--- START ---

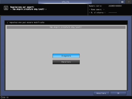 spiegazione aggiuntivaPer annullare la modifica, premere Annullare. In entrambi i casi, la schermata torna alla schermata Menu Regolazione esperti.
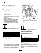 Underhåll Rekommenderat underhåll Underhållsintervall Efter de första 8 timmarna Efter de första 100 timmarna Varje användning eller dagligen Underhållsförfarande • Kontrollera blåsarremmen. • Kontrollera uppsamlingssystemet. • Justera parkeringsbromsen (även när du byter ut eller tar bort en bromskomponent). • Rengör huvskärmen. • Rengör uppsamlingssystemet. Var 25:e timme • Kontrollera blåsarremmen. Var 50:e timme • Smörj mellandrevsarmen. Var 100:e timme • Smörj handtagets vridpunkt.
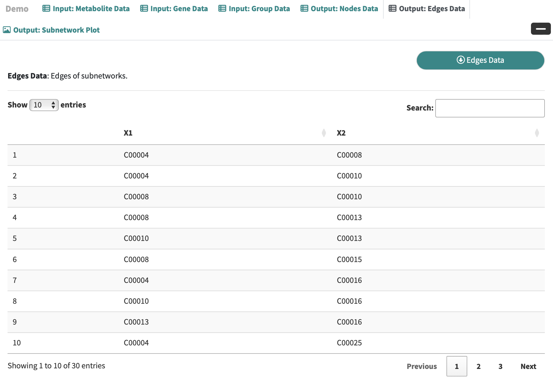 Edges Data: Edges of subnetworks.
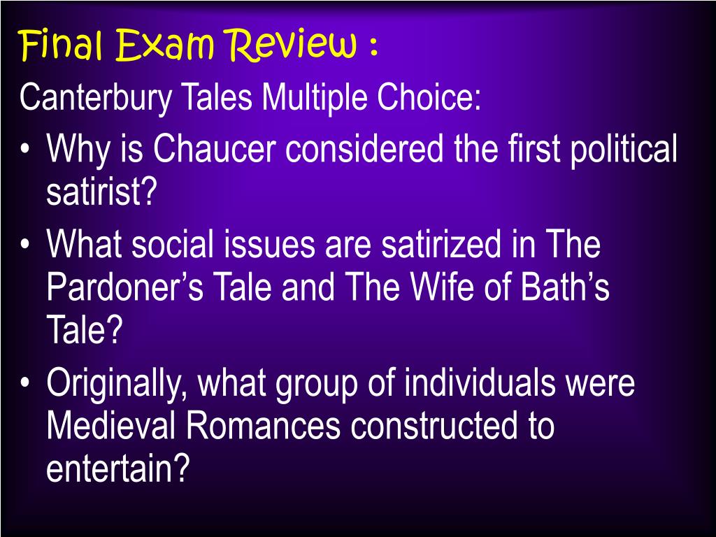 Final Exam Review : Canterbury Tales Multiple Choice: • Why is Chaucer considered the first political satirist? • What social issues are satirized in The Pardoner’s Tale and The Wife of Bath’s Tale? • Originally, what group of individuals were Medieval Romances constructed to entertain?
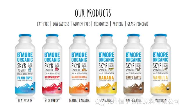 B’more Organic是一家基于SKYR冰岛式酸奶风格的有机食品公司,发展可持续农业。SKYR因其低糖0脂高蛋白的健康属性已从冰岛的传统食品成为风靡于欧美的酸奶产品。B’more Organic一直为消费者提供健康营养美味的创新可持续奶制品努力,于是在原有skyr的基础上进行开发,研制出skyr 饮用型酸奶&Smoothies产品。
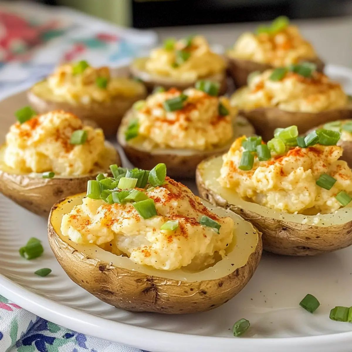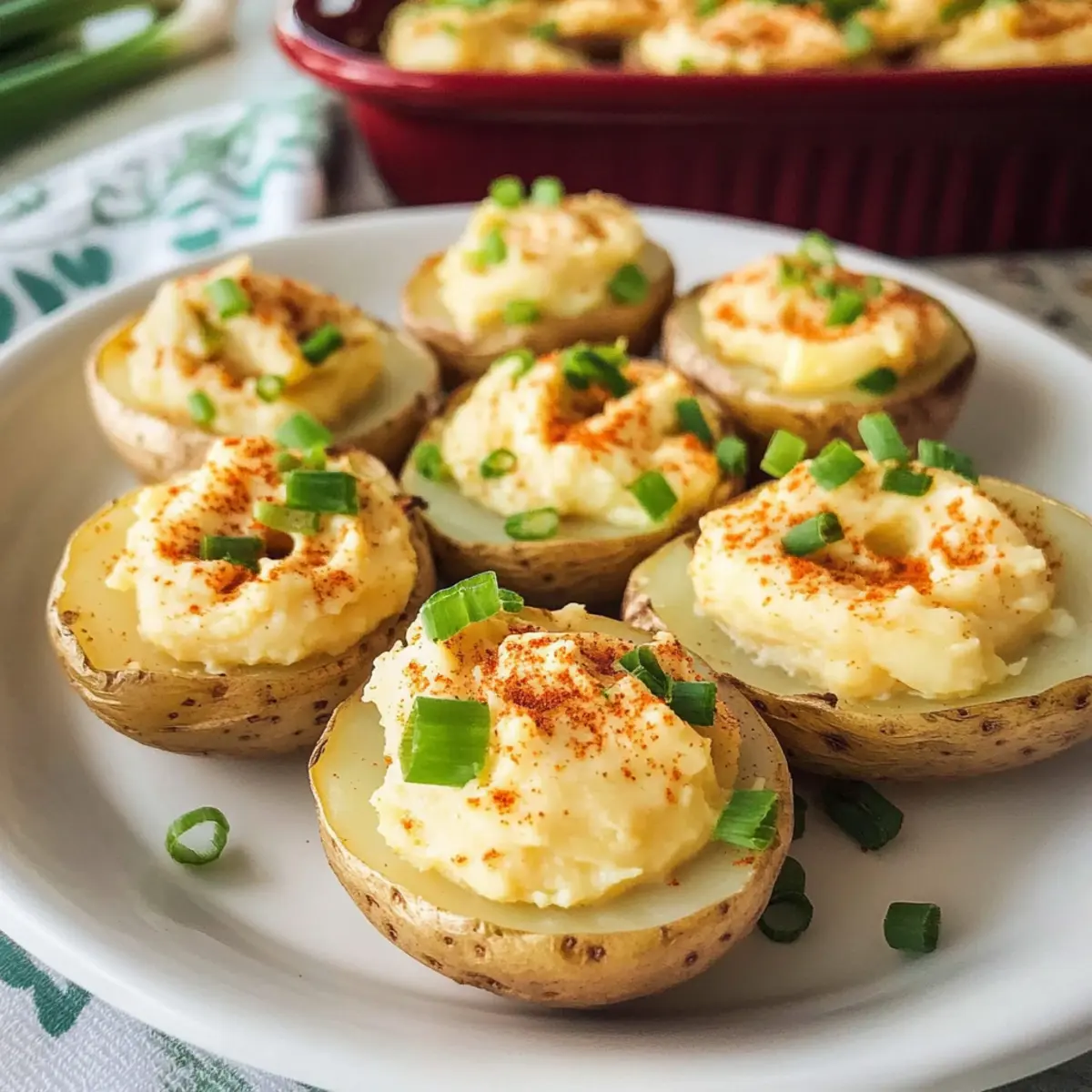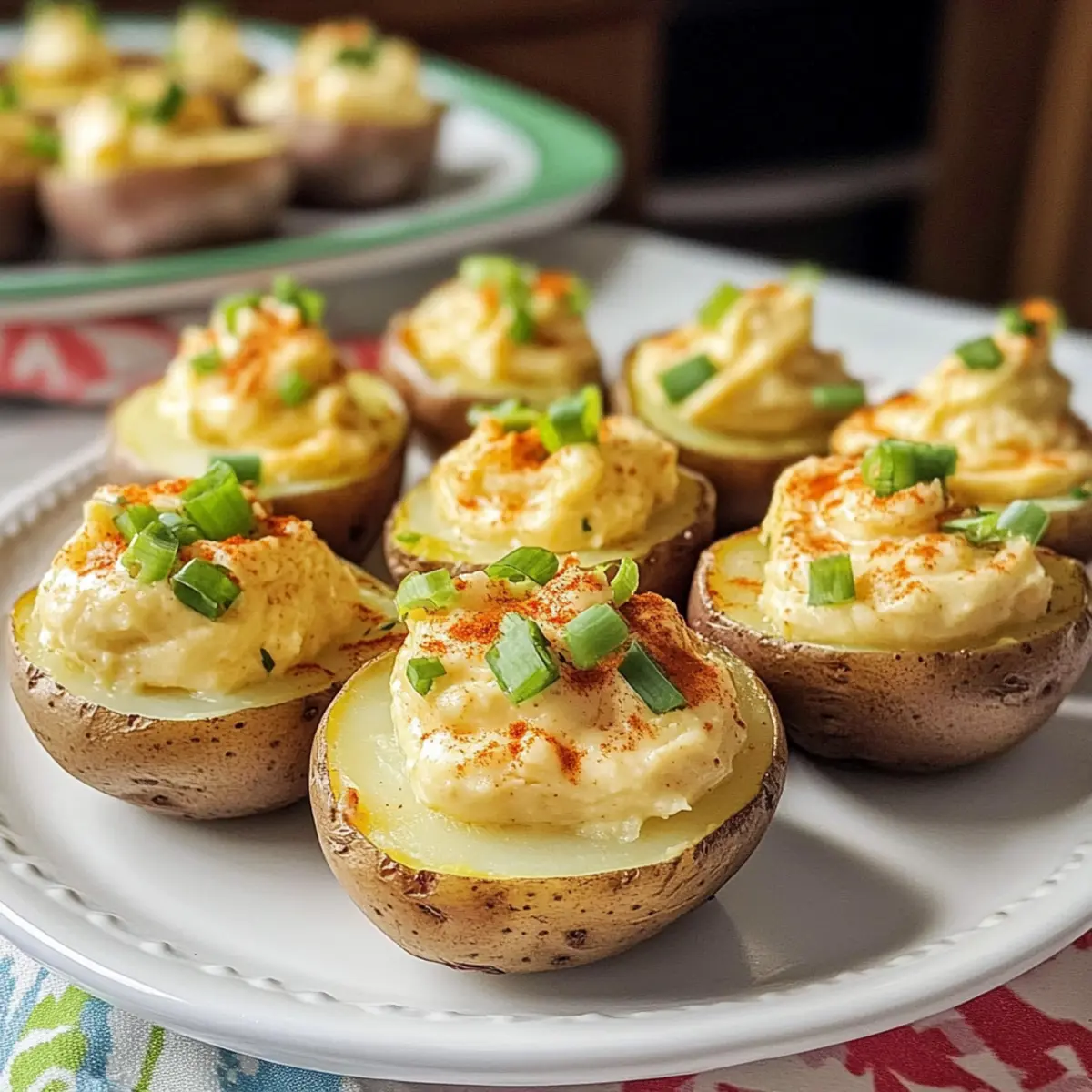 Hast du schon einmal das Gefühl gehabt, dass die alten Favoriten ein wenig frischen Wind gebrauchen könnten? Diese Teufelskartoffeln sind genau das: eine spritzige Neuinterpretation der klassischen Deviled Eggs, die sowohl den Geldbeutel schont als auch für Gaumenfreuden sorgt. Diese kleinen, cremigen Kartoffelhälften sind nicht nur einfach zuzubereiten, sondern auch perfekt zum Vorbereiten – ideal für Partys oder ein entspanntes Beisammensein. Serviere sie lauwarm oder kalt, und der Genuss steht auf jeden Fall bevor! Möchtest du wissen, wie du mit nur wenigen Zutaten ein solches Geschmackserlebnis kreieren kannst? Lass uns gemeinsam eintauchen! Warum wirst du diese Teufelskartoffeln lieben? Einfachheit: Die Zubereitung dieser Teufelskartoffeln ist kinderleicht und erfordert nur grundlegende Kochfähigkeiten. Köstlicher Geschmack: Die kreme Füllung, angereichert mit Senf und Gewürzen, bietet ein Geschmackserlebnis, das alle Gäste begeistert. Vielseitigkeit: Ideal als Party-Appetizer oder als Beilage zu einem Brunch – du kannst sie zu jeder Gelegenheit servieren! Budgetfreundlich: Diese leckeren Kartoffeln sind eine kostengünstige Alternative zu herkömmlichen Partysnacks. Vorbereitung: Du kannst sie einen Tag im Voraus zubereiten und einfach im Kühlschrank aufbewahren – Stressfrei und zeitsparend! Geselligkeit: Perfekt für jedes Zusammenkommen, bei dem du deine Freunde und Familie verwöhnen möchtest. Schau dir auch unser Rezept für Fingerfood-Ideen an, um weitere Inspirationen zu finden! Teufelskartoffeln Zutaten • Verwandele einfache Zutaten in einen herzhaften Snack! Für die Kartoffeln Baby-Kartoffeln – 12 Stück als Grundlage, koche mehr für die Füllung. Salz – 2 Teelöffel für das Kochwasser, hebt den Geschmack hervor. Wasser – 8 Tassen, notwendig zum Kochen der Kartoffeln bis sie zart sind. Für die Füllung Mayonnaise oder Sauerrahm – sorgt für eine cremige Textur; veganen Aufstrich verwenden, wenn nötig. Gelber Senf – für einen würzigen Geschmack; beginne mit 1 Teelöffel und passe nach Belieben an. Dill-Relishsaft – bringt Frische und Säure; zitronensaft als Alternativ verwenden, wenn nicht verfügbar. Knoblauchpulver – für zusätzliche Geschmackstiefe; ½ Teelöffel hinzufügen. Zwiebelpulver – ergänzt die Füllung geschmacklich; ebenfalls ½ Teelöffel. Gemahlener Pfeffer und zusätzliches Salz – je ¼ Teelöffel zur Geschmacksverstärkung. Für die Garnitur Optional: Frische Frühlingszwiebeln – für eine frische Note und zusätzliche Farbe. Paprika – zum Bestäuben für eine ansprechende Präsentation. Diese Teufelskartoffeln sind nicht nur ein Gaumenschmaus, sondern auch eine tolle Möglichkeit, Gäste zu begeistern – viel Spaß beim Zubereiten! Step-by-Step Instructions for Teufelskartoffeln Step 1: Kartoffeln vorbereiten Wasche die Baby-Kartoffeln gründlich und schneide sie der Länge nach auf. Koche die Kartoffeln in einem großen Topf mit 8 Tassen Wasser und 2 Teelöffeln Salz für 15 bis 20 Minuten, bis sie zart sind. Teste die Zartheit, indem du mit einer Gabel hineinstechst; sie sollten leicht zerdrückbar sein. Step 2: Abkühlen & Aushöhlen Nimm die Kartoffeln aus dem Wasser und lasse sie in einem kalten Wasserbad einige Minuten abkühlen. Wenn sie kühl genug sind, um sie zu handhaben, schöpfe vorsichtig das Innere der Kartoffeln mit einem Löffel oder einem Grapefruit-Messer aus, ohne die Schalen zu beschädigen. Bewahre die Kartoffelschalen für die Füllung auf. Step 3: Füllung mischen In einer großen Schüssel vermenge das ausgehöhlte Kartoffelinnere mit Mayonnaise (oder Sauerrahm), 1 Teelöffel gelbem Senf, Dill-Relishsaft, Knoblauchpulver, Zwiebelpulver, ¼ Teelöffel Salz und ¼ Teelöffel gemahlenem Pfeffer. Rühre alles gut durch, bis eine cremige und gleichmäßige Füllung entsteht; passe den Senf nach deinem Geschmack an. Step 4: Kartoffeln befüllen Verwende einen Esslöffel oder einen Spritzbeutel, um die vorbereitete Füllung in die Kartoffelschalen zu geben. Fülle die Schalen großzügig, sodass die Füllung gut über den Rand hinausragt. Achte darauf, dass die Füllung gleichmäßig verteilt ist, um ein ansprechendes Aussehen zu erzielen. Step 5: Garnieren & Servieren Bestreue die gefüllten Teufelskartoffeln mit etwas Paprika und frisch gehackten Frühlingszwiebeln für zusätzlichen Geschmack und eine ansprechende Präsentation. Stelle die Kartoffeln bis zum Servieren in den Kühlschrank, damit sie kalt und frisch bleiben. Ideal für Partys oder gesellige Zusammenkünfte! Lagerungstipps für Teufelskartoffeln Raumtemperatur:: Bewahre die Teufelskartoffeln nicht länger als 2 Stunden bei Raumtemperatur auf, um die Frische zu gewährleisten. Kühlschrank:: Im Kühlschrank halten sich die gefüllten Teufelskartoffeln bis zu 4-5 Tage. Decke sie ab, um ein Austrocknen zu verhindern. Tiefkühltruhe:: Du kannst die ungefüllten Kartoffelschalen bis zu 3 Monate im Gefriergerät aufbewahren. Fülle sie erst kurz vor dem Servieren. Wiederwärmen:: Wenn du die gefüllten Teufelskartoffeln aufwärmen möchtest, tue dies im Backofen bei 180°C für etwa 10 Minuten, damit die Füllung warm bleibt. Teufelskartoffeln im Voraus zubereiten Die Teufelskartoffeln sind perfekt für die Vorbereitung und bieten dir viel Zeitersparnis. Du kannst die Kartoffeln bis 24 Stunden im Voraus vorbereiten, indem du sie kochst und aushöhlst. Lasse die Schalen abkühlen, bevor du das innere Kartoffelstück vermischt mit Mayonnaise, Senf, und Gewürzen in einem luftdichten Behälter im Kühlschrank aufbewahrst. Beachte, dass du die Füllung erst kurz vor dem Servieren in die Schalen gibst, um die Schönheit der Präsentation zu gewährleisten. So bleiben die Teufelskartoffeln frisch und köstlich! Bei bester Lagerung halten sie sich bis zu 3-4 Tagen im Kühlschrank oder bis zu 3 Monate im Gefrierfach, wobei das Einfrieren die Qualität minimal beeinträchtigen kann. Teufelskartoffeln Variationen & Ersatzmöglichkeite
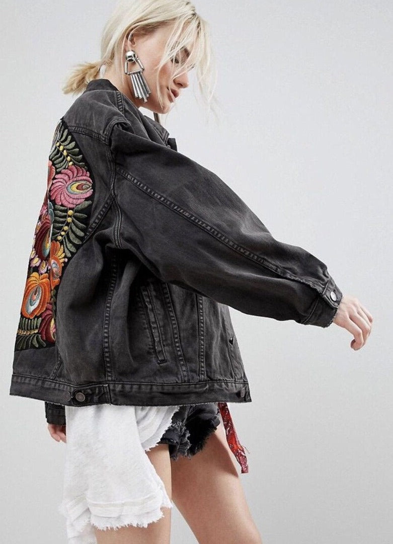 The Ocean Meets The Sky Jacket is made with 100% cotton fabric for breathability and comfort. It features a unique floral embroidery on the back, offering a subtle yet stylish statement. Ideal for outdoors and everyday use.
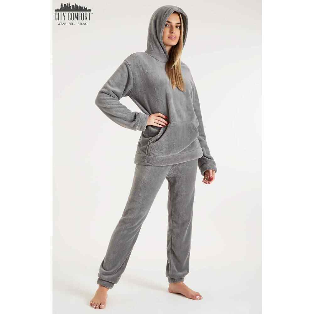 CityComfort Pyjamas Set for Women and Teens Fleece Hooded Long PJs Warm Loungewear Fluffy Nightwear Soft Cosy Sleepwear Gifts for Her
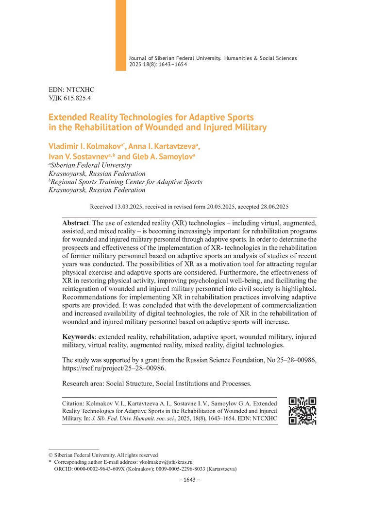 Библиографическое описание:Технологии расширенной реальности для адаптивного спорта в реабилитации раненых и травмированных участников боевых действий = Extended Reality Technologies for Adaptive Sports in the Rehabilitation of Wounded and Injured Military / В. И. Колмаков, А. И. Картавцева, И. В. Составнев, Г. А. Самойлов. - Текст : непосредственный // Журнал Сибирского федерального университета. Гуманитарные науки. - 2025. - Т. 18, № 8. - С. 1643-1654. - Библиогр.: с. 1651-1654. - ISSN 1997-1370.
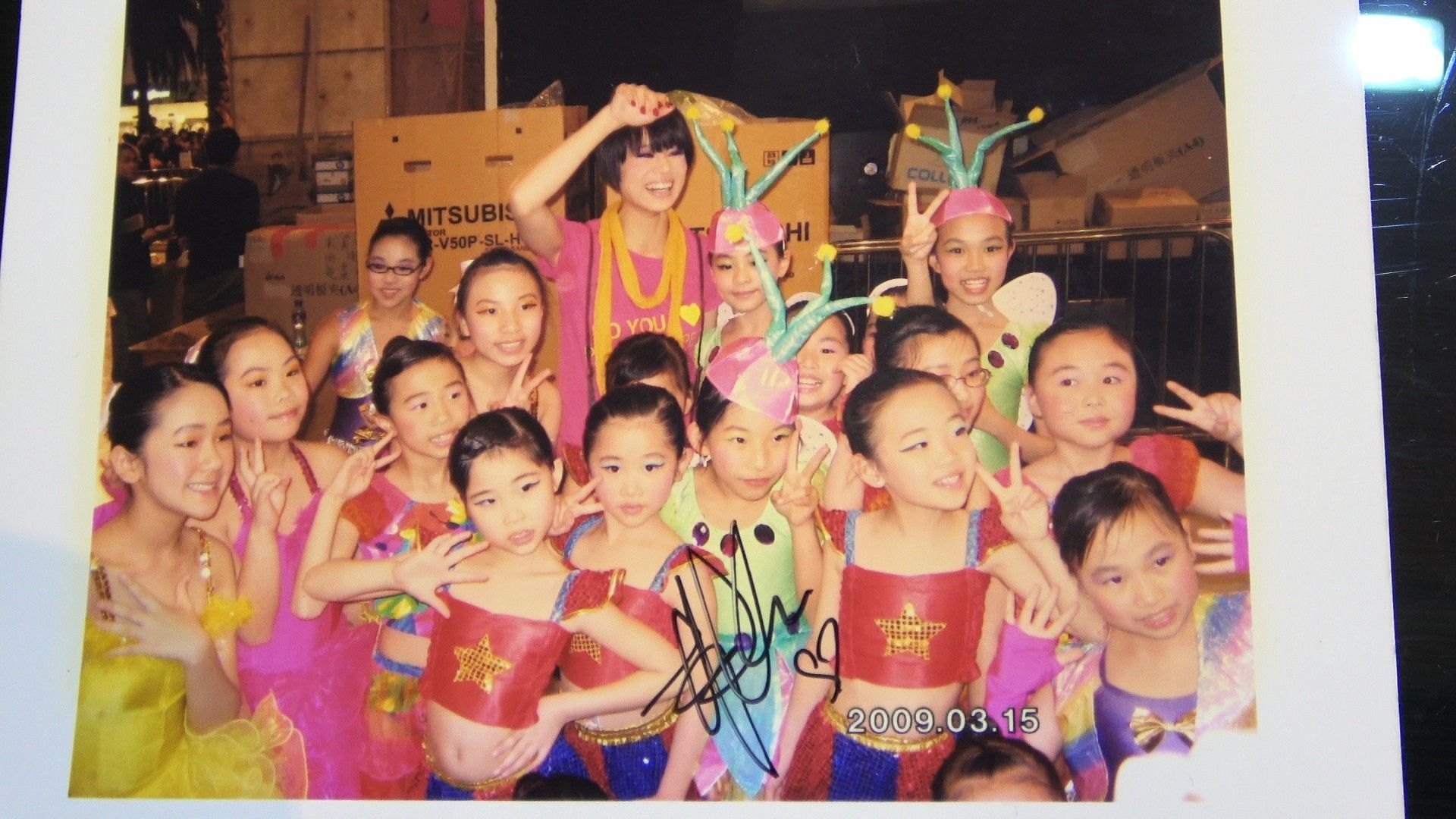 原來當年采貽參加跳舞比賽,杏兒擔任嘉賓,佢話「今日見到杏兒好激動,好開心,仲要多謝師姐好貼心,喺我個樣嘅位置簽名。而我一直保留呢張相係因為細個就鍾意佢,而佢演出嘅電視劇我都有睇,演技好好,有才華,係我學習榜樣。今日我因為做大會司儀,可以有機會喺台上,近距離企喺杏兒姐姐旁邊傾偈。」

--- END ---

YOUR ASSIGNMENT ▸
Return the stretch of data that begins with the line showing "Underhåll Rekommenderat underhåll" and goes on through the line showing "Final Exam Review", exactly, with pictures removed.

TASK RESPONSE ▸
 Underhåll Rekommenderat underhåll Underhållsintervall Efter de första 8 timmarna Efter de första 100 timmarna Varje användning eller dagligen Underhållsförfarande • Kontrollera blåsarremmen. • Kontrollera uppsamlingssystemet. • Justera parkeringsbromsen (även när du byter ut eller tar bort en bromskomponent). • Rengör huvskärmen. • Rengör uppsamlingssystemet. Var 25:e timme • Kontrollera blåsarremmen. Var 50:e timme • Smörj mellandrevsarmen. Var 100:e timme • Smörj handtagets vridpunkt.
 Edges Data: Edges of subnetworks.
 Final Exam Review : Canterbury Tales Multiple Choice: • Why is Chaucer considered the first political satirist? • What social issues are satirized in The Pardoner’s Tale and The Wife of Bath’s Tale? • Originally, what group of individuals were Medieval Romances constructed to entertain?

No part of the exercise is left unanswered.